Have you actually tried my answer? It is a lot simpler and a lot faster than needlessly converting to a cell array and using cellfun and find.
Guillaume
2018 年 5 月 1 日
You'll get that error with either method when a character in name is not present in type.
Either that or the inputs are not as you described. Best would be to show us the actual inputs.
Lorenne
2018 年 5 月 2 日
The actual inputs are quite long, but one of the element contain 'U' which is not in the type string
Guillaume
2018 年 5 月 2 日
The actual inputs are quite long
You can always attach a mat file to your question. Or shorten it a bit.
Your screenshot shows an excel file (you could attach that), which if imported properly into matlab would result in a cell array of char arrays or a string array, not a char column vector as in your example. The solution for cell arrays or string arrays would be the same but different than that of the char column vector. So please clarify what the true inputs are.
one of the element contain 'U' which is not in the type string
What do you want to do in that case then?
Guillaume
2018 年 5 月 2 日
That 'U' will be remained black colour
In that case,
colour_with_black = [0, 0, 0; colour];
[~, idx] = ismember(name, type);
namecolour = colour_with_black(idx + 1, :)

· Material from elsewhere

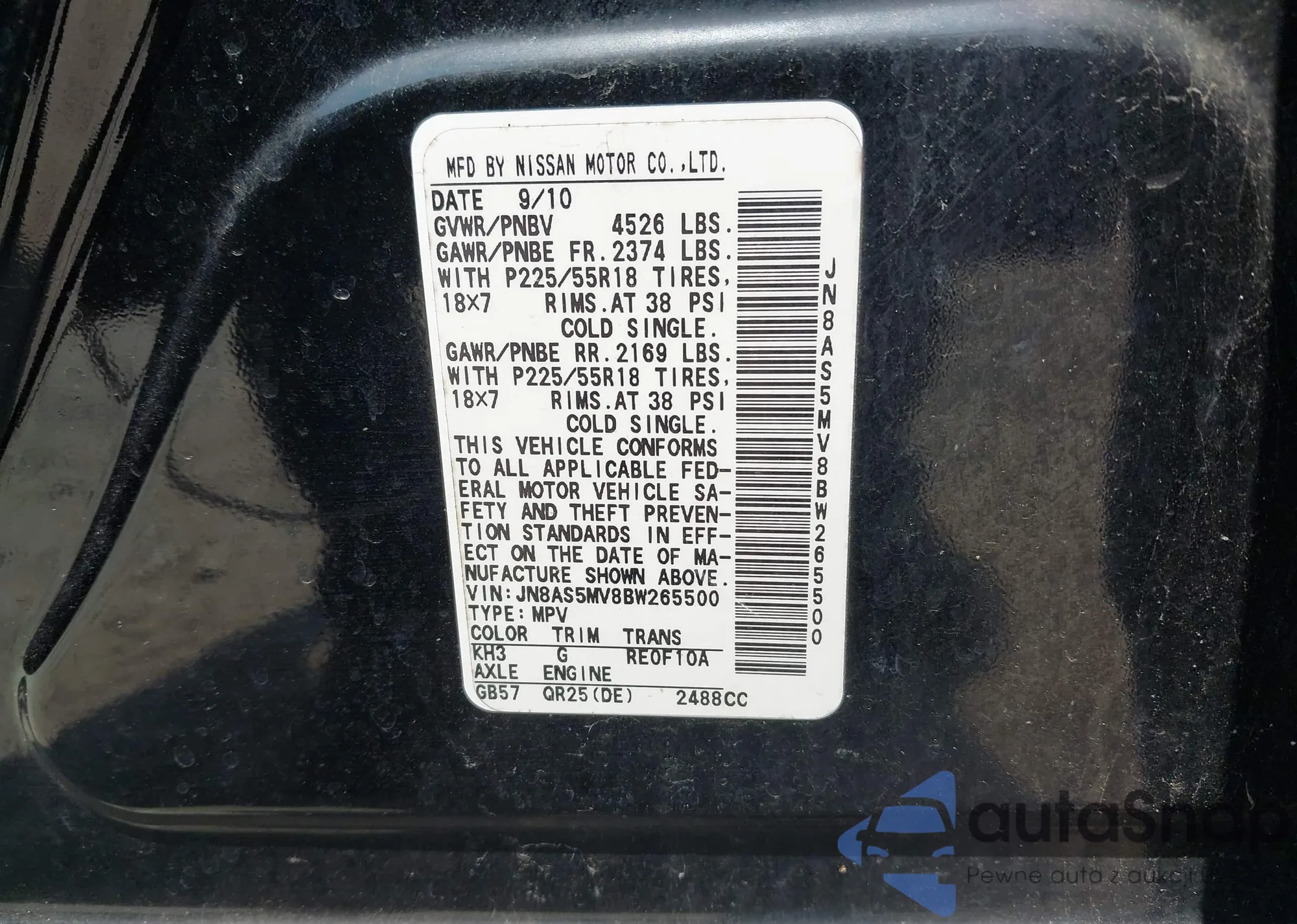 VIN: JN8AS5MV8BW265500

the second return value of ismember is 0 when the name is not found in type. Adding 1 to that makes it a valid index in the new colour table, with black as the first index. All the other indices are shifted by one, same as in the colour table.
Lorenne
2018 年 5 月 3 日
It's still not coloured, the colour matrix is correct now for all values but how do i plot it in the graph?
Guillaume
2018 年 5 月 3 日
It's still not coloured
What is "it"? Was does plotting a colour matrix mean? It looks like you want a scatter plot but you've never mentioned anything about coordinates. We can't read your mind. Looking at your snippet of code, I'm going to hazard a guess:
%...
namecolour = colour_with_black(idx + 1, :);
scatter(star_rad, star_temp, 36, namecolour);
set(gca, 'XScale', 'log');
set(gca, 'YScale', 'log');
what's the '~' for?
Lorenne
2018 年 5 月 3 日
It's like x = [1;0;9;2;4] y = [5;10;12;4;9] and name = ['A';'K';'K';'G';'B'] type = 'ABGK' colour =A-type coloured[0.64,0.73,1] B-type coloured[0.7,0.88,0.89] G-type coloured[1, 1, 0.6] K-type coloured[1,0.81,0.59] where the x and y value corresponds to the name, eg: for the point where x=9, y=12,its name is 'K' so it needs to be coloured [1,0.81,0.59]
Lorenne
2018 年 5 月 4 日
Not scatter cause the original graph was using plot? And sorry the point with ‘U’ which is not belong to any colour type has to be uncoloured
Guillaume
2018 年 5 月 4 日
Not scatter cause the original graph was using plot?
I don't understand what you mean. Using plot to plot each point individually is extremely inefficient. scatter will do the same all in one go. Either way, you can have plot and scatter in the same graph so I don't see what the issue is.
What does uncoloured mean. You keep moving the goal post. We started with needing the generate a colour matrix, then needing to take into account elements not present in name, then needing to plot these elements in black, now they need to be uncoloured.
Lorenne
2018 年 5 月 5 日
Uncoloured means removing the points from the original graph so there will be no more black colour in this case
Guillaume
2018 年 5 月 6 日
Well, now we're really moving the goalpost. After asking that the points be black, now they have to be removed. Why didn't you ask that in the first place? The procedure is completely different.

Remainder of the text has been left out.